■ WHAT IS EXPECTED ■
Retype the entries below exactly, dropping the images.

=== Section Start ===

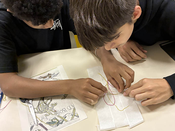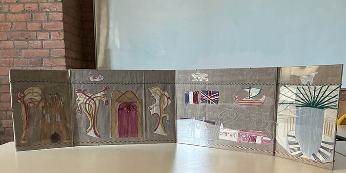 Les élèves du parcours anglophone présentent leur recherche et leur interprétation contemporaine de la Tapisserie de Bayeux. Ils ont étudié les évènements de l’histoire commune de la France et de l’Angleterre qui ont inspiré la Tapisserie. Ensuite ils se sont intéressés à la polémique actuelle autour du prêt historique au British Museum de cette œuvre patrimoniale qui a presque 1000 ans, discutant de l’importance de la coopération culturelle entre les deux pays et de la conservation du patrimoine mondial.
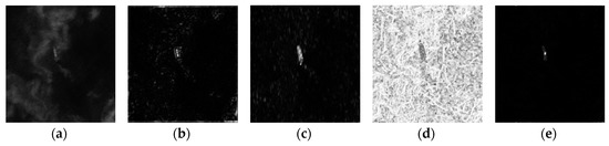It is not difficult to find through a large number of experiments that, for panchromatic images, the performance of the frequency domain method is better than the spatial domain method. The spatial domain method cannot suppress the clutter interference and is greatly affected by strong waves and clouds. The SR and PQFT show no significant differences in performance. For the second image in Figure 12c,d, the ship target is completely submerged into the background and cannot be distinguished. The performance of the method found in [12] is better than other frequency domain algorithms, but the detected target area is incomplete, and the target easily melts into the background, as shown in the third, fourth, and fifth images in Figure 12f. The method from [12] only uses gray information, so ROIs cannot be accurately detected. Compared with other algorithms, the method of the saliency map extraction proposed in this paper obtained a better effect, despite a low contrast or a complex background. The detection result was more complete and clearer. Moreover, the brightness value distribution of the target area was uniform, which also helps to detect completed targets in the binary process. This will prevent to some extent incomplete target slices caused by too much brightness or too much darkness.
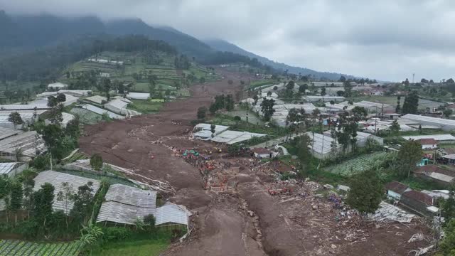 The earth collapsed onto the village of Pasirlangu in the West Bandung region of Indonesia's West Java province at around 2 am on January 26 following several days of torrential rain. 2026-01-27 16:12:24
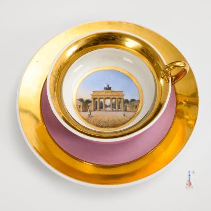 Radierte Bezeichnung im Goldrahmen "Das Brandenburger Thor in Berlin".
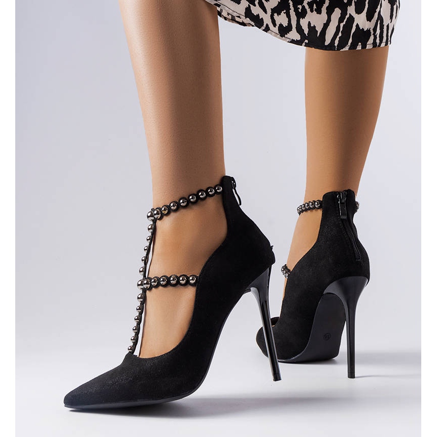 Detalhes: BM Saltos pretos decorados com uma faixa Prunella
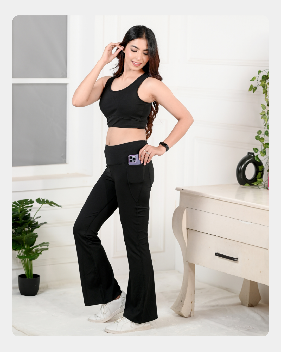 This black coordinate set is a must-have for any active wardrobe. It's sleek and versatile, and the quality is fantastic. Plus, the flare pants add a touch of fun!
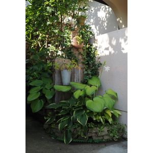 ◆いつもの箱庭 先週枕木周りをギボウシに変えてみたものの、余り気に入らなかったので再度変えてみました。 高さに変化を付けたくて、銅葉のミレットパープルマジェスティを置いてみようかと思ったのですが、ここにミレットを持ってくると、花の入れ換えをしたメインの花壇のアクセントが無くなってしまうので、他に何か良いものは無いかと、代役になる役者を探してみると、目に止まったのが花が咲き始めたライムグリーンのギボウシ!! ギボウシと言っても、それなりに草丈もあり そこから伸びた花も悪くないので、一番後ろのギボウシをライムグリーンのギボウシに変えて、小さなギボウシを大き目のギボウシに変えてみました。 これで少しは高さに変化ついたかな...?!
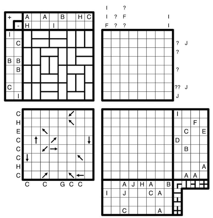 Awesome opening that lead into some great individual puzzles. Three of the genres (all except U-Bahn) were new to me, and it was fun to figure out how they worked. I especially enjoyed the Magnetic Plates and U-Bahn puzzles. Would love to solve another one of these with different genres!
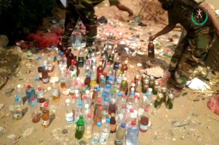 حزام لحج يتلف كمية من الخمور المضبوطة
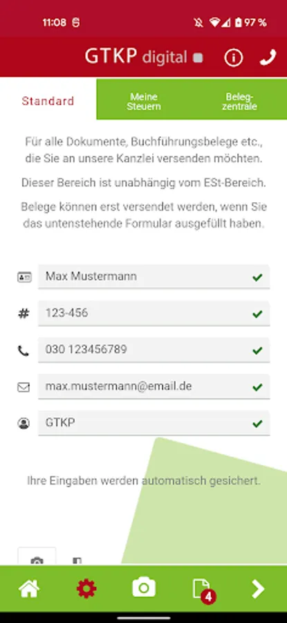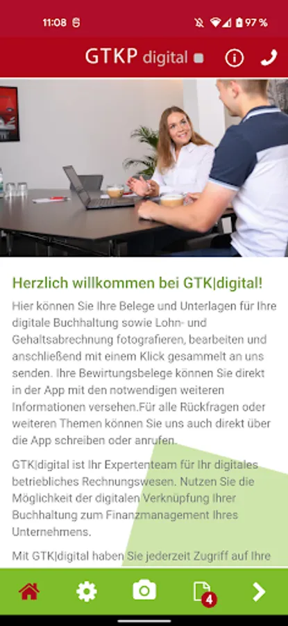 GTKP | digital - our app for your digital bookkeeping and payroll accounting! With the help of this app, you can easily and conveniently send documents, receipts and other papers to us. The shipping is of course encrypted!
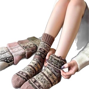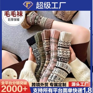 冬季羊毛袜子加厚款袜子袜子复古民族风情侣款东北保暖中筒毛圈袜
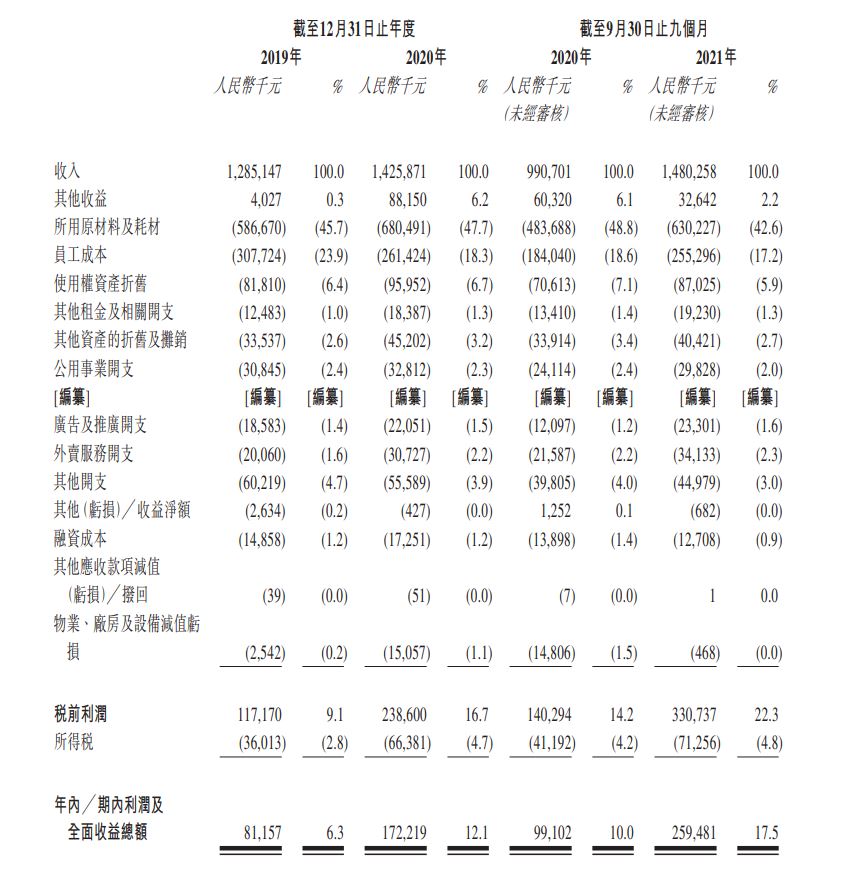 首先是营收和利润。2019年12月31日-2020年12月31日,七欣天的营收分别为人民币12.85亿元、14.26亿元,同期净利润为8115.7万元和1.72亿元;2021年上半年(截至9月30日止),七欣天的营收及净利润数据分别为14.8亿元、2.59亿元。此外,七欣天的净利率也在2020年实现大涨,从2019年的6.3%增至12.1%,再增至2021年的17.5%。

=== Section End ===

■ RESULT FOR THIS TASK ■
 Les élèves du parcours anglophone présentent leur recherche et leur interprétation contemporaine de la Tapisserie de Bayeux. Ils ont étudié les évènements de l’histoire commune de la France et de l’Angleterre qui ont inspiré la Tapisserie. Ensuite ils se sont intéressés à la polémique actuelle autour du prêt historique au British Museum de cette œuvre patrimoniale qui a presque 1000 ans, discutant de l’importance de la coopération culturelle entre les deux pays et de la conservation du patrimoine mondial.
It is not difficult to find through a large number of experiments that, for panchromatic images, the performance of the frequency domain method is better than the spatial domain method. The spatial domain method cannot suppress the clutter interference and is greatly affected by strong waves and clouds. The SR and PQFT show no significant differences in performance. For the second image in Figure 12c,d, the ship target is completely submerged into the background and cannot be distinguished. The performance of the method found in [12] is better than other frequency domain algorithms, but the detected target area is incomplete, and the target easily melts into the background, as shown in the third, fourth, and fifth images in Figure 12f. The method from [12] only uses gray information, so ROIs cannot be accurately detected. Compared with other algorithms, the method of the saliency map extraction proposed in this paper obtained a better effect, despite a low contrast or a complex background. The detection result was more complete and clearer. Moreover, the brightness value distribution of the target area was uniform, which also helps to detect completed targets in the binary process. This will prevent to some extent incomplete target slices caused by too much brightness or too much darkness.
 The earth collapsed onto the village of Pasirlangu in the West Bandung region of Indonesia's West Java province at around 2 am on January 26 following several days of torrential rain. 2026-01-27 16:12:24
 Radierte Bezeichnung im Goldrahmen "Das Brandenburger Thor in Berlin".
 Detalhes: BM Saltos pretos decorados com uma faixa Prunella
 This black coordinate set is a must-have for any active wardrobe. It's sleek and versatile, and the quality is fantastic. Plus, the flare pants add a touch of fun!
 ◆いつもの箱庭 先週枕木周りをギボウシに変えてみたものの、余り気に入らなかったので再度変えてみました。 高さに変化を付けたくて、銅葉のミレットパープルマジェスティを置いてみようかと思ったのですが、ここにミレットを持ってくると、花の入れ換えをしたメインの花壇のアクセントが無くなってしまうので、他に何か良いものは無いかと、代役になる役者を探してみると、目に止まったのが花が咲き始めたライムグリーンのギボウシ!! ギボウシと言っても、それなりに草丈もあり そこから伸びた花も悪くないので、一番後ろのギボウシをライムグリーンのギボウシに変えて、小さなギボウシを大き目のギボウシに変えてみました。 これで少しは高さに変化ついたかな...?!
 Awesome opening that lead into some great individual puzzles. Three of the genres (all except U-Bahn) were new to me, and it was fun to figure out how they worked. I especially enjoyed the Magnetic Plates and U-Bahn puzzles. Would love to solve another one of these with different genres!
 حزام لحج يتلف كمية من الخمور المضبوطة
 GTKP | digital - our app for your digital bookkeeping and payroll accounting! With the help of this app, you can easily and conveniently send documents, receipts and other papers to us. The shipping is of course encrypted!
 冬季羊毛袜子加厚款袜子袜子复古民族风情侣款东北保暖中筒毛圈袜
 首先是营收和利润。2019年12月31日-2020年12月31日,七欣天的营收分别为人民币12.85亿元、14.26亿元,同期净利润为8115.7万元和1.72亿元;2021年上半年(截至9月30日止),七欣天的营收及净利润数据分别为14.8亿元、2.59亿元。此外,七欣天的净利率也在2020年实现大涨,从2019年的6.3%增至12.1%,再增至2021年的17.5%。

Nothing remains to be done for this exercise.